Q & A session with Consultant Respiratory Physician Dr Martin Kelly

In this week's question and answer session with a member of our frontline services, we shine the spotlight on Dr Martin Kelly, who is a Consultant Respiratory Physician at Altnagelvin Area Hospital from Omagh.

How worried are you about the current situation?

I am appropriately concerned. We need to continue to take the coronavirus pandemic very seriously. Though the ‘lockdown’ has successfully ‘flattened the curve’, we anticipate ongoing cases of Covid-19 for at least many months. And yet, there have been many successes, too, and we must remember that.

What are the main challenges in the current situation?

We are working in a different environment from normal. We have had to adapt to new ways of working. The whole hospital had had to turn itself upside down and rearrange how to deliver care.

We are less able to care for our long term patients in the community, though there has been great assistance from specialist nurses and other doctors, who have delivered many telephone 'virtual' clinic visits. We worry about patients out there who may be sick but afraid to attend their GP or the hospital. Please do not be afraid. You must seek help, we will look after you.

We are especially concerned for possible lung cancer cases in the community. This disease is notorious for presenting late. Anyone who has worrying symptoms, such as a new or worsening cough for more than three weeks, who coughs up blood or has symptoms such as unexplained weight loss, especially if they are smokers/ex-smokers, must seek help. They need an urgent CXR and referral if necessary and the GPs will be able to help with that.

Within the hospital, the work to help redesign the layout and flow of patients in the hospital has been led by colleagues Dr. Rose Sharkey and Dr. Philip Gardiner, for which we are very grateful. This has been hard, challenging work.

Senior management have been very supportive.

It must be an emotional time for you and your family?

My wife is also a doctor here in hospital, in the oncology department. We both are very wary of bringing the illness into the house to our two teenage kids. But, we take precautions as are careful with hygiene. One has to remain calm in such situations and thankfully, we have been able to do that. It is stressful, I will admit, but the support from the majority of colleagues, as well as the public, has been extremely heartening.

How is your workload at the moment?

The workload is 'different'. We have adapted to the change by working more akin to our nursing staff, with longer days and some time off in between. We have had to step up and demonstrate leadership in the time of crisis. It has been perhaps challenging, but I hope that we as a team of doctors on the front line have done that.

Are you having to work extra days/hours?

So, yes, to an extent, we are doing more. The truth is, we have all just got on with it, done what is needed done, and not worried too much about time off! As already stated, we've been working longer hours. We have more routinely been working weekends (not that week days or weekends are much different anyhow now!). We have all forgone any leave. But, truth be told, we do what is needed. We are glad to be able to help and do our bit to care for people. We are in a privileged position, hopefully trusted by most of our patients, and we should always remember that.
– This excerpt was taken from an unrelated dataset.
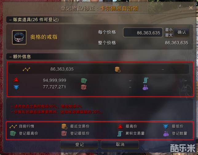 并且每一类商品的市场最高价与最低价,目前登记数量,累计交易量,系统估价等都可以从拍卖页面一一查看。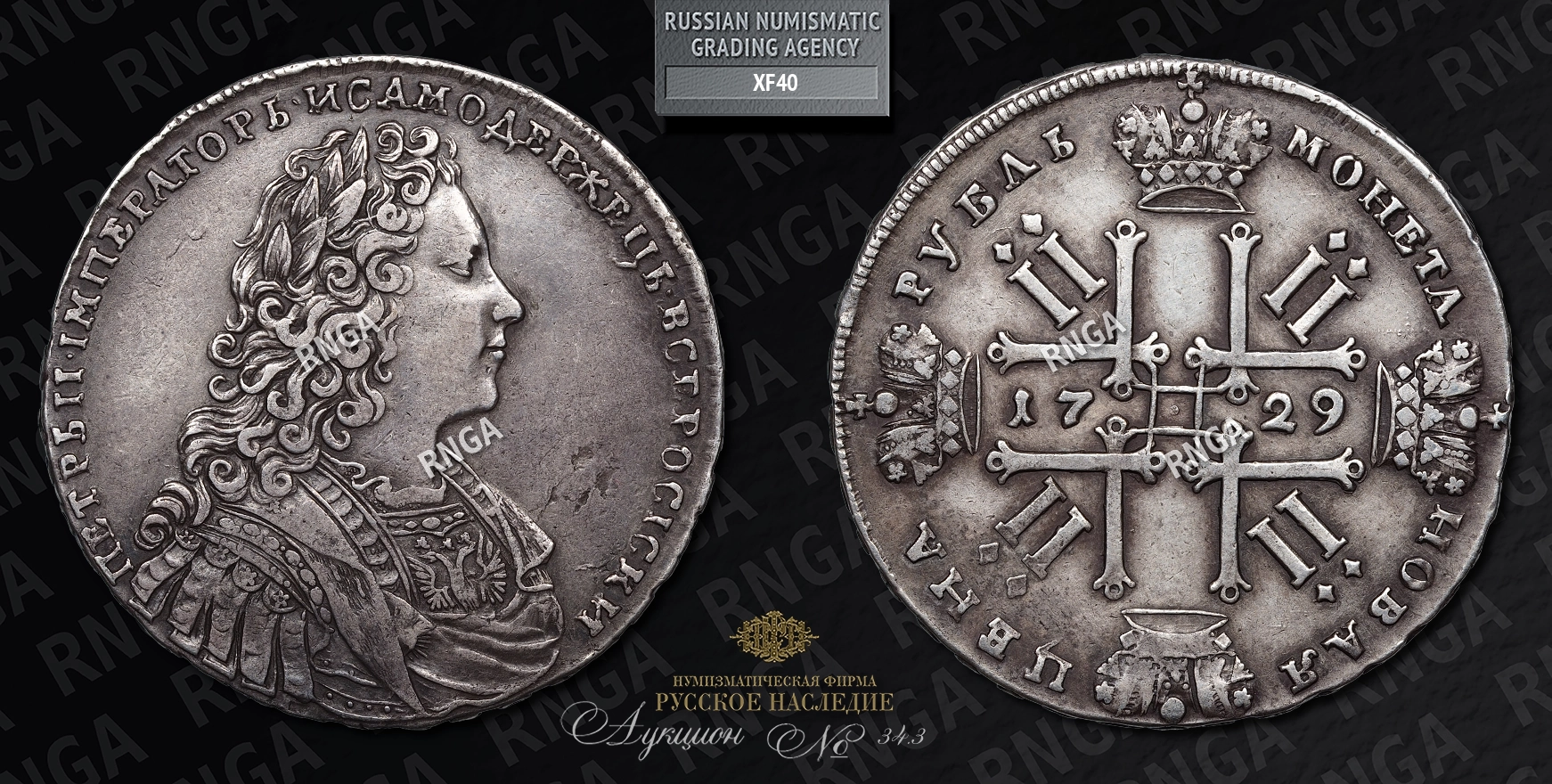 Аверс: Портрет 1728-1729 годов. Без лент у лаврового венка. Три трилистника над орлом. Звезда на плаще. Четыре фестона со звездами.

What does your daily work day entail, and have your duties changed due to the current situation?

On a typical day, we all come to the ward at around 8.30am. There is a handover from the night staff, any issues discussed. Then, the patients on the ward are seen. As a consultant, I will see all the new patients and anyone who is very sick. By 12 midday, we will have everyone seen.

There is a team meeting with the senior nurses, to discuss management of the patients, and further plans. At lunchtime, there are often meetings to attend, which in this modern age, are often by video conference (even within the hospital - so as to minimize the footfall in other areas and possible intra-hospital transfer of infection).

In the afternoon, results of swabs start to come back and we will look at onward movement of patients. As new admissions come in, I will go to see them, often with a junior member of staff. Early review by the consultant is important, to facilitate prompt initiation of the appropriate care and refer on to intensive care if necessary. There may also be relatives to ring, especially if someone is very ill.

By 5pm, some of the junior doctors are getting home, and we will have a further review of the list of patients, known as a 'board round'. In the evening, it can be quite busy. Sicker patients from earlier in the day will need review. New admission need senior review. By 2100h, the night team have arrived, we have a handover, and then home (after a shower of course!).

There are times when it is less busy, so potential to get away earlier, but this is a pretty standard day.

What advice would you have for members of the public regarding staying safe and helping support the local health service at this time?

The public have coped remarkably well to date with this. We know this is hard. I spoke with a patient on the ward today who talked about feeling 'low' in mood. Though older, they would have been out to see their family and grandkids. We understand that.

The message is simple - continue to follow carefully the guidance from Department of Health. Stay at home unless journeys are vital, make sure to maintain social distancing and be meticulous with hand-hygiene, as instructed.

We will get through this, but to protect and save lives, we have to obey the rules.

Look at all those who have died and think of all the healthcare workers who have succumbed to this terrible illness. Do it for them, so as we can reduce the numbers in the future.